資産の取り崩しを始めた途端に『暴落』に遭った。どうすればいい?
2024年7月5日
こんにちは。
投資信託クリニックの カン・チュンド です。
自身が定年退職を迎え、
「さあ、これから投資信託を取り崩そう!」という時に、
株式市場のクラッシュ(暴落)が起こってしまうなんて、考えたくもありません。
しかし、その可能性はゼロではないのです。
このような状況になった場合、
私たちはどのように対処したらよいのでしょうか?
結論から申し上げると、
ファンドを規則的に部分解約するなら、
そんなに心配し過ぎることはありません!
大きく目減りしたファンド資産を
一度に「取り崩す」わけではありませんから。
老後の取り崩し戦略は、
公的年金の受給で「足りない分」を
少しずつ少しずつファンドから取り崩していくこと。
こちらの記事で吊ら男さんが
分かりやすくシミュレーションしてくれています。
比較対象は、2種類の2000万円です。
〇 まったく運用していない2000万円
〇 セゾン・グローバルバランスファンド2000万円分
※セゾン・グローバルバランスファンドは株式50%・債券50%のバランスファンドです。
2007年3月~2017年1月。
つまり、
リーマンショックが起こる1年半前から、毎月10万円ずつ取り崩しを行うと、双方どうなるの?というシミュレーションなのです。
ここでのポイントは,
暴落時に一気に全資産を売却するのではなく,
長い期間をかけて取り崩すということでしょう。
その結果,暴落があったとしても,
暴落後の上昇相場で資産が増えるという
相場のサイクルの恩恵を享受できています。
ハイ、
つみたても長期戦なら、
取り崩しも長期戦なのです。
仮に定年退職後、
11年後も、18年後も、29年後も、
生活費の足しとするため、
少しずつ投資信託を解約し続けたとすると、
いったい何が起こるのでしょう?
つみたてを続けていた「29年」と同様、
ファンド価格が
どーんと上がる年もあれば、
急落の年もあれば、
暴落の年もあるかもしれません。
仮に『暴落』が避けられないとすれば、上記例で言えば、
『それ』がいつ起こるかという違いに過ぎません。
リタイアしても(長く)資産運用は続くわけです。
では、一歩進めて、
トータル資産の中で、
安全資産(自国建ての国債)+リスク資産(インデックスファンド)の「比率」を一定に保ちながら、
毎年「パーセント(%)」で取り崩しを行っていけばどうでしょうか。
この場合、
「4%ルールの父」といわれる
ウィリアム・ベンゲン氏の有名な『論文』が助けになります。
上記論文では、
1926年から1976年までのデータを基に
「米国株式」「米国債券」を組み合わせたポートフォリオから、
トータル資産の3~6%を毎年取り崩した場合に、資産が『何年』持続するかという検証を行っています。
たとえば一例ですが、
『株式50/債券50のポートフォリオ』で
取り崩し率を初年度「4%」として、
1926年から1976年までの間に
『引き出し』をスタートさせた場合、
(※株式は米国株式、債券は米国の中期国債)
もっとも資産の『持続率』が悪いのが、
1965年、1966年に取り崩しを始めた場合なのです。
これは、
米国S&P500指数が大きなマイナスとなる、
1973年、1974年の『7年から8年前』です。
グラフの横軸・・取り崩しを始めた年(1900年代の数字)
グラフの縦軸・・資産が持続した年数
上図は、S&P500指数の年次パフォーマンス)
逆に暴落が起こった1974年に
取り崩しを開始した場合、
資産の持続率は(かえって)優秀です・・。
(1926年~36年の取り崩し開始も超優秀。

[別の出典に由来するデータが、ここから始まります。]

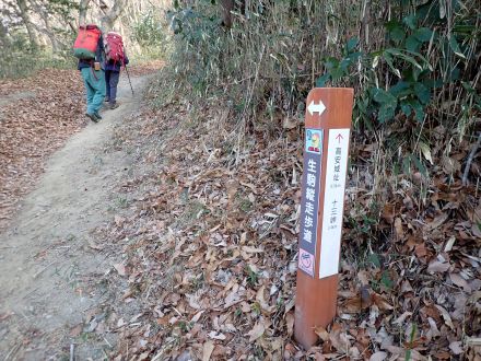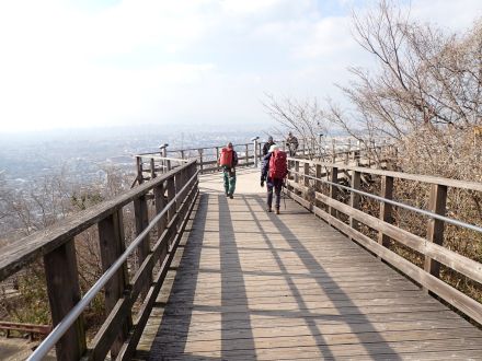 信貴山口駅からおおみちコースで約一時間のアルバイトで高安山の気象レーダーアンテナに到着し、十三峠を経て鐘の鳴る丘で昼食しました。幸せの鐘に願いを込めて、約束の鍵の多さに驚き鳴川峠まで起伏のさほどないよく整備された縦走路を歩きました。ぼくらの広場の鉄塔周辺は立ち入り禁止区域となっており、迂回して森のレストハウスで小休止後ぼくらの広場に登り大阪平野を一望の後、案内休憩所から枚岡駅を目指すつもりで下山しだしたのですが、枚岡山展望台から「らくらく登山道」に入り込んでしまい、枚岡駅ではなく瓢箪山駅に下山してしまいました。 |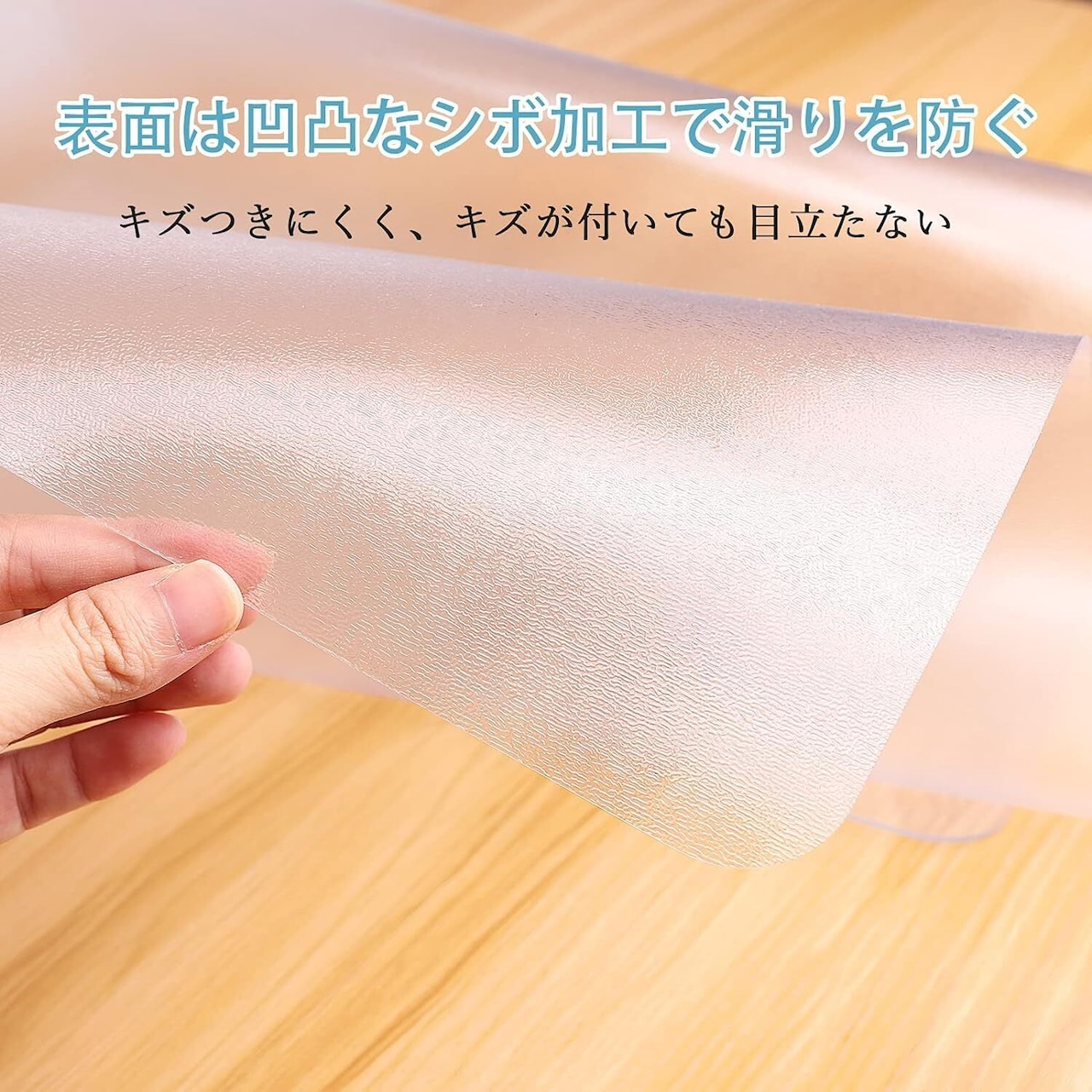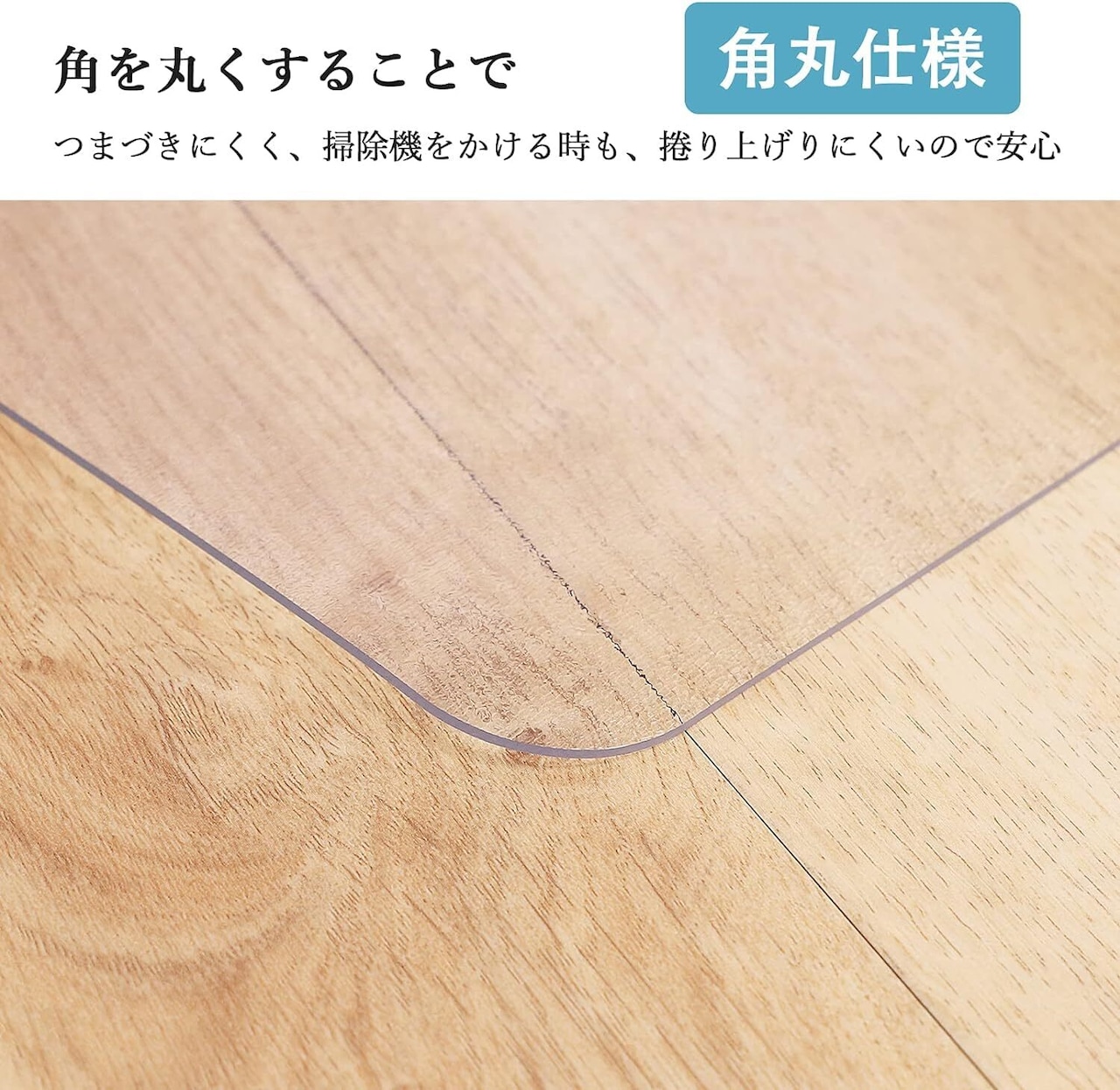【自由カットOK】サイズ:幅100×奥行120×厚み0.15cm、必要に応じてハサミで好きな形にカットできます。pvcチェアマットはインテリアに馴染みやすくてフローリングや畳が溶ける半透明タイプなので、圧迫感がなくお部屋の雰囲気を損なうことなく、どんなお部屋やインテリアも違和感なくマッチします。チェアにはもちろん、キッチンや食卓、ペットのケージ周りなど幅広く使えます!ヒント: 記載されているサイズは規定値です。個体により若干の誤差((1-2cm))が発生致しますので、あらかじめご了承下さい。

)
「取り崩し(%)」とは
長い歳月をかけた継続的な作業であるため、
リタイアした途端『暴落』に遭遇したというケースは、実はそんなに悪い話ではないのです。
なお当クリニックでは、
毎年「定額」で
投資信託のみからの取り崩しを行うより、
トータル資産の中で
安全資産とリスク資産の「比率」を明確にし、
同比率を保ちながら、パーセント(%)で毎年取り崩すことをよりお勧めしています。